Alternative Simulation of Soil Phosphorus for Agricultural Land Uses in the Chesapeake Bay Watershed Model.

Current restoration efforts for the Chesapeake Bay watershed mandate a pollution cap and implementation timeline for reducing the load of nutrients and sediment to receiving waters. The multi-component Chesapeake Bay Watershed Model (Bay Model) estimates nutrient and sediment loading; however, some model components have not been updated to reflect current research findings. The objective of this research was to improve the simulation of soil phosphorus dynamics and factors contributing to field losses by using an independent phosphorus loss modeling tool (APLE) as an alternative to the current Bay Model’s soil phosphorus approach.  Identical assumptions of land use acreage, soil properties, nutrient management practices, and transport factors from the Bay Model were used as inputs to the APLE model to simulate management conditions from 1992-2005.  Spatial scales were simulated at the county level.  Outcomes represent revised estimates of phosphorus edge-of-field losses that can be compared to estimates from the Bay Model.

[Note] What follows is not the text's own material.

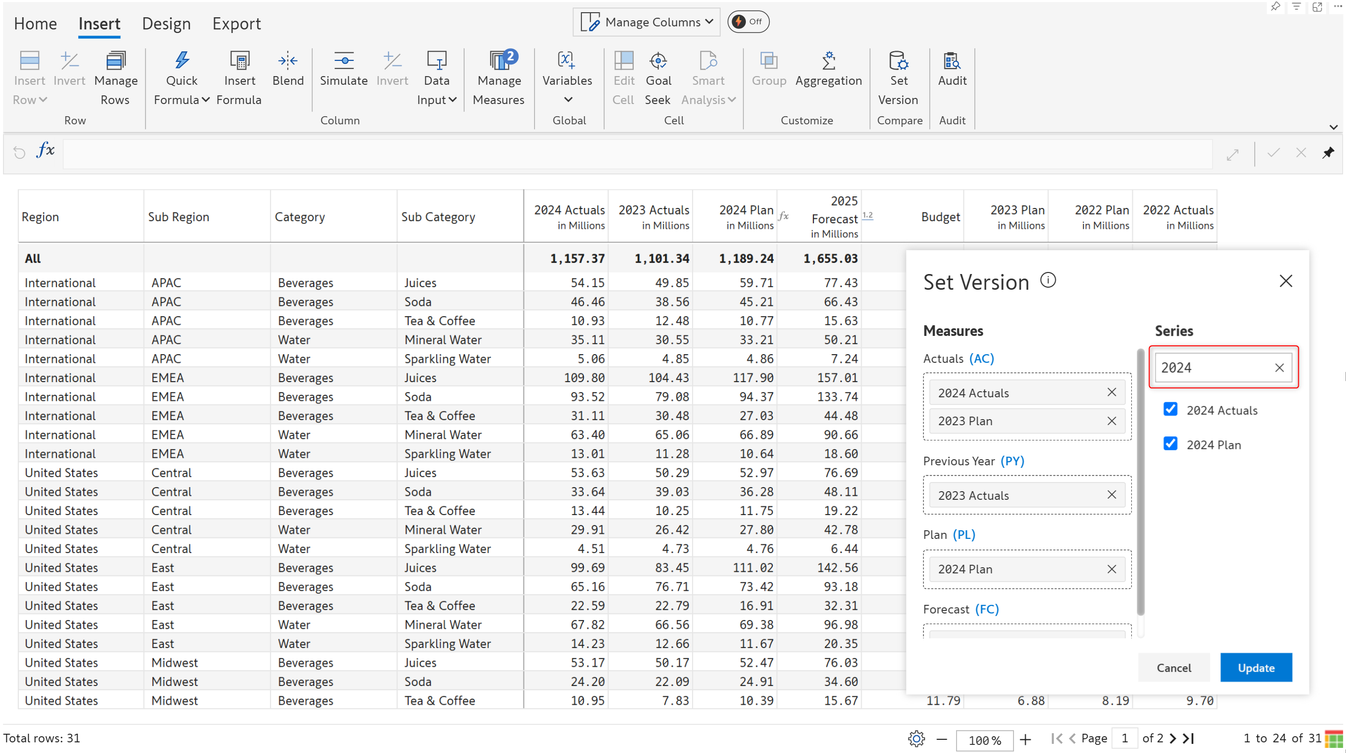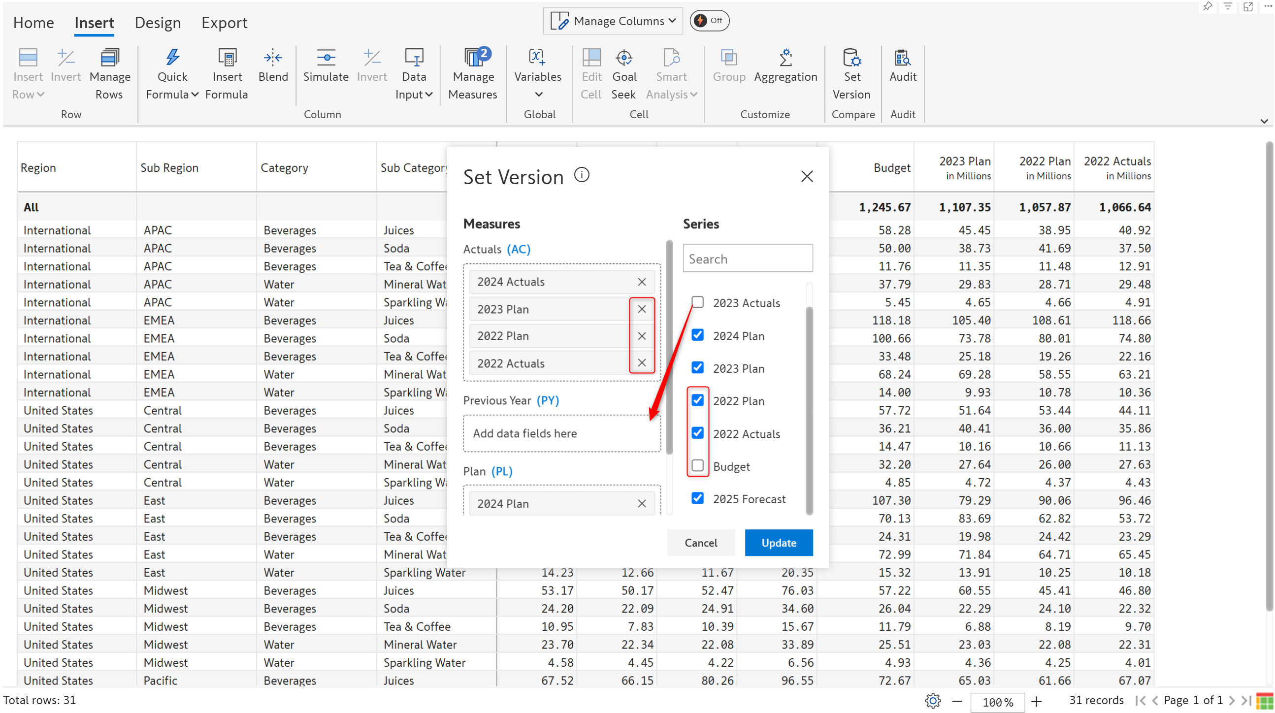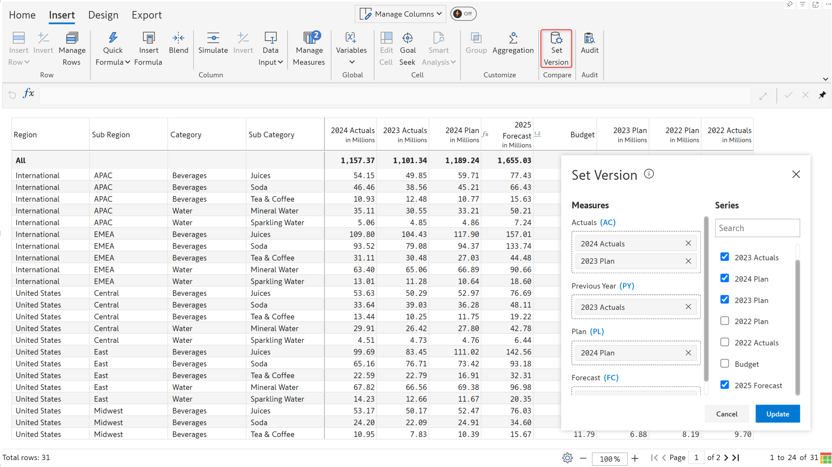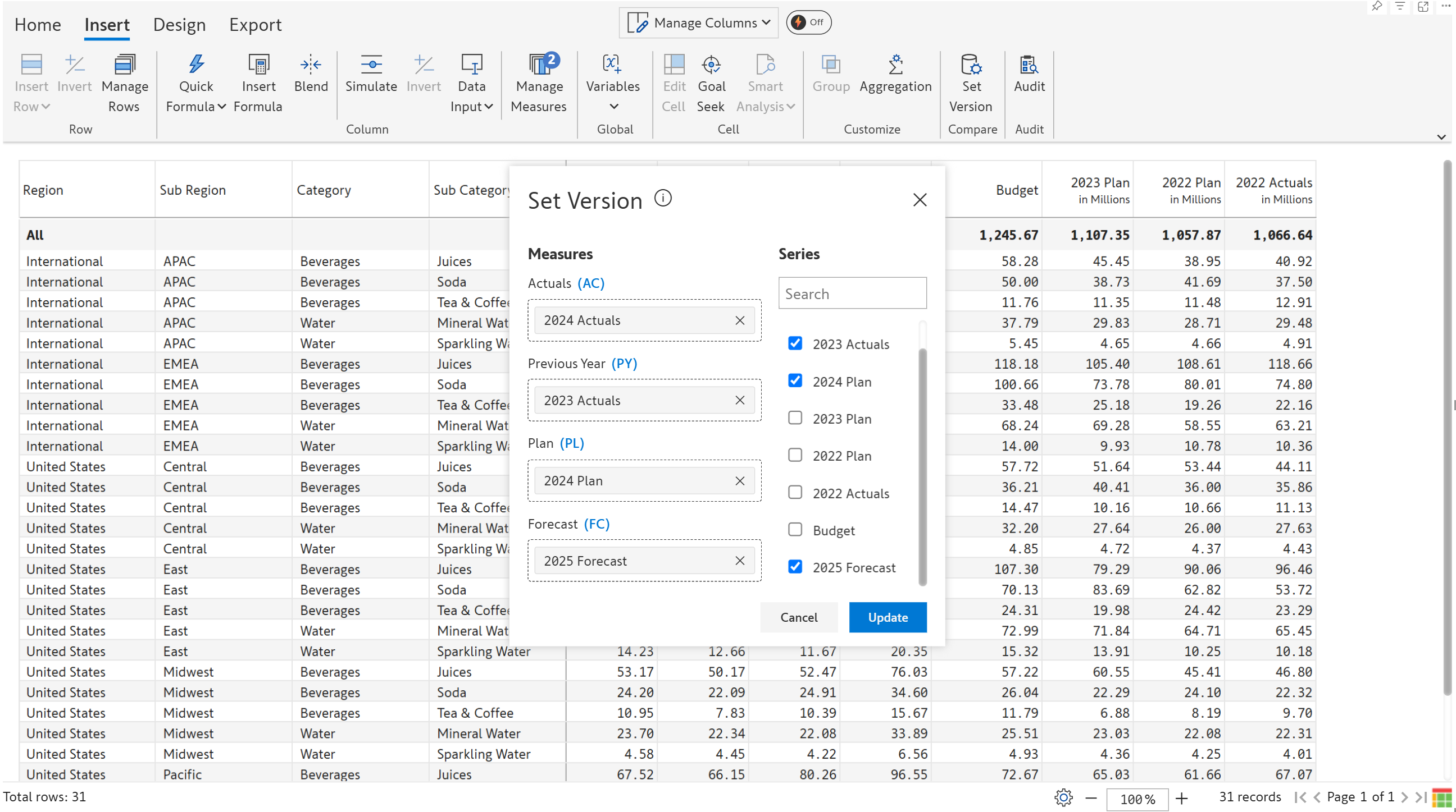 Click  **Set version** in the Insert tab of the toolbar. The current AC, PY, PL, and FC mapping is shown along with other measures created in the visual - such as simulations and budgets.

Findings from APLE exhibit greater variability and higher mean estimates of total phosphorus loss compared to the Bay Model, 10.1±0.2 kg ha^-1 as compared to 2.4±0.05 kg ha^-1 for high-till land uses, 4.3±0.1 kg ha^-1 as compared to 2.4±0.04 kg ha^-1 for low-till land uses, and 3.8±0.1 kg ha^-1 as compared to 0.93±0.03 kg ha^-1 for pasture land uses. Results also indicate the strongest contributor to field total phosphorus losses are associated with field sediment loss. Findings support APLE as an appropriate alternative model tool to inform field phosphorus loss estimates.